VANCOUVER -- Canucks forward Byron Bitz accepted responsibility for the dangerous hit that knocked both him and Los Angeles Kings forward Kyle Clifford out of Game 1 of their Western Conference Quarterfinal series on Wednesday night.

The 6-foot-5 Canucks forward will have more time to think about after Brendan Shanahan, the NHL's Vice President of Player Safety, announced late Thursday that Bitz was suspended for two games for the dangerous hit.

"I don't feel very good about it," Bitz said before a phone hearing with Shanahan.

Clifford had his back to Bitz, who was skating along the goal line before planting his shoulder into the Kings' forward, driving his face hard into the boards. Bitz received a five-minute major for boarding, during which the Kings scored a goal, and a game misconduct. Clifford returned the bench during the ensuing power play but never got back on the ice and didn't return for the third period.

"I had no intention of targeting the head or injuring anybody," said Bitz, who has not been disciplined before. "That's not the way I play. It was an unfortunate play. The referees made the call and it cost our team a goal. It's my fault."

Los Angeles coach Darryl Sutter said Clifford wouldn't play Game 2 on Friday.

"You guys know the old standard, 'upper-body injury,' and he's out," Sutter said.

"I don't want to not tell the truth. I'll just leave it at that"

As for who might take Clifford's place in the lineup with Brad Richardson already out after an appendectomy Monday, Sutter only joked he was, "talking to Bernie Nichols about it, but he doesn't know if he's quite game ready."

The candidates include big wing Kevin Westgarth and smaller center Andrei Loktionov, a top prospect who was sent down to the AHL in February because there was no room behind Anze Kopitar, Mike Richards, Jarret Stoll and Colin Fraser.

"I have to be ready," Loktionov, a Russian, said in choppy English of possibly playing his first playoff game. "It's so much quickly than in season, everyone try to hit you. I have to keep my head up and keep move my feet.

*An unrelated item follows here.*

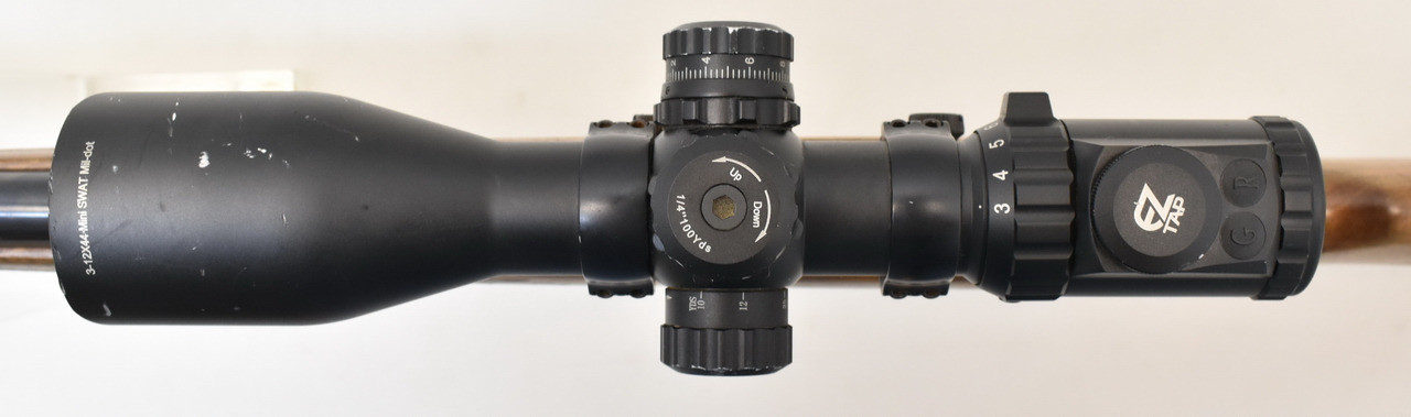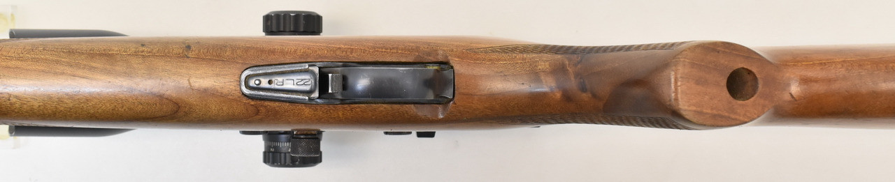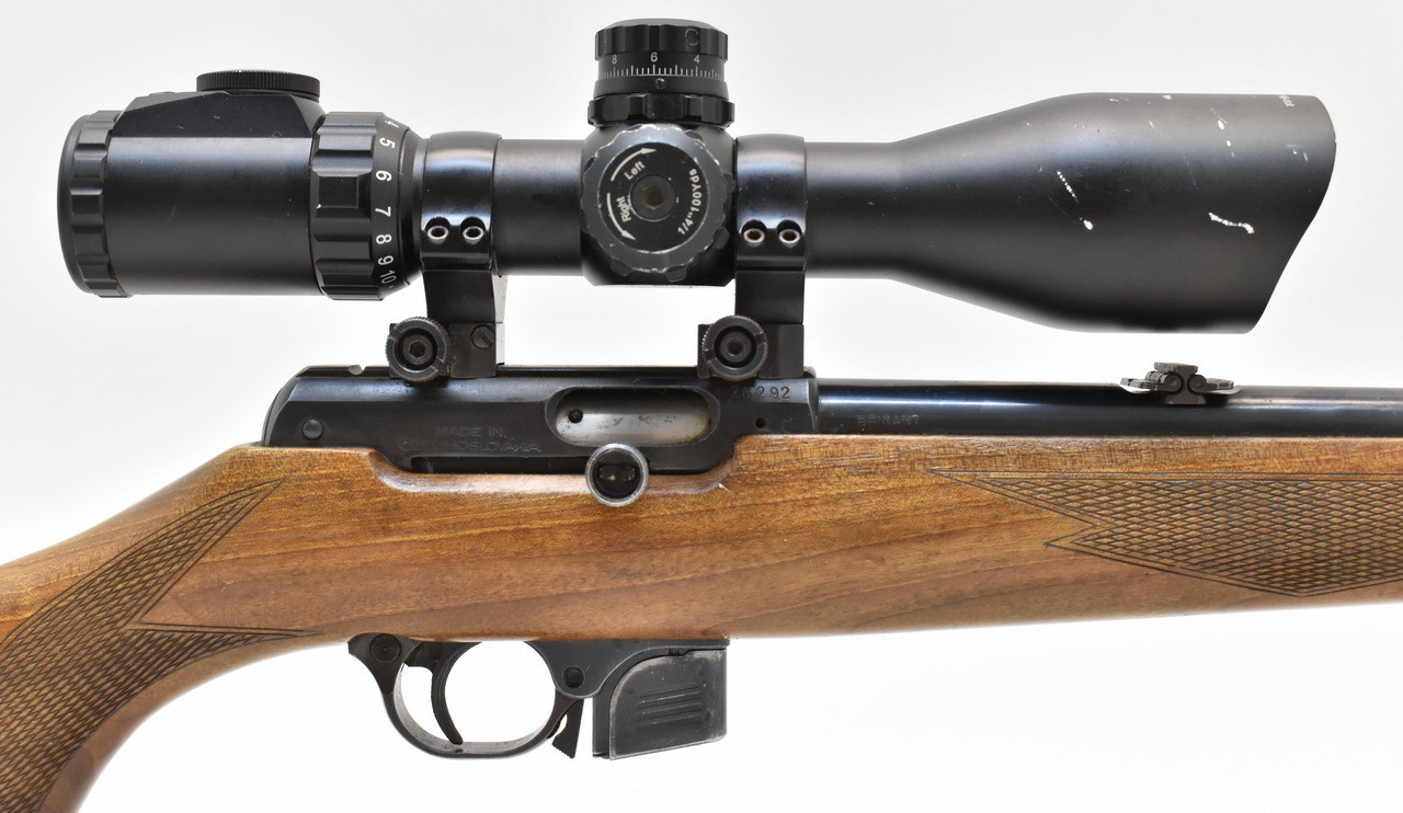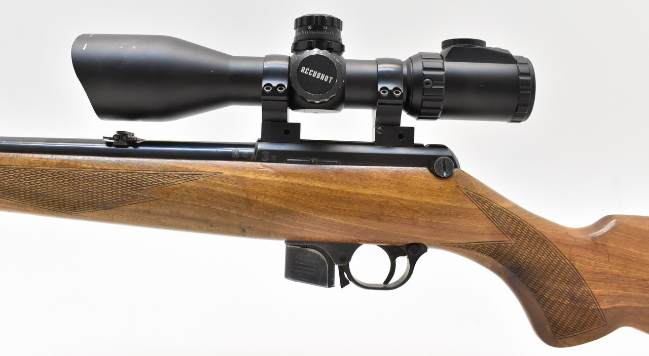Selbstladebüchse des tschechischen Herstellers CZ Uhersky Brod. 5-Schuss Magazin, montiert mit einem Accushot ZF 3-12x44 Mini Swat. Der Lauf ist matt und narbig, außen auch partiell Rostnarben. Schaftlänge 35,5cm ( gemessen Abzug bis Mitte Schaftkappe) Beschuss von 1970.

It's different."

The Canucks also have options to replace Bitz, including Dale Weise, who plays a similar physical role, and Andrew Ebbett, an undersized center who can also help on the second unit of a power play that was 0-for-5 in Game 1.

"I'd be kidding if I'd say we don't need the power play," coach Alain Vigneault said. "You need that as a weapon to make sure the other team stays honest on the ice and obviously our power play needs to be better. We have the personnel for it to be good. Right now they need to execute better."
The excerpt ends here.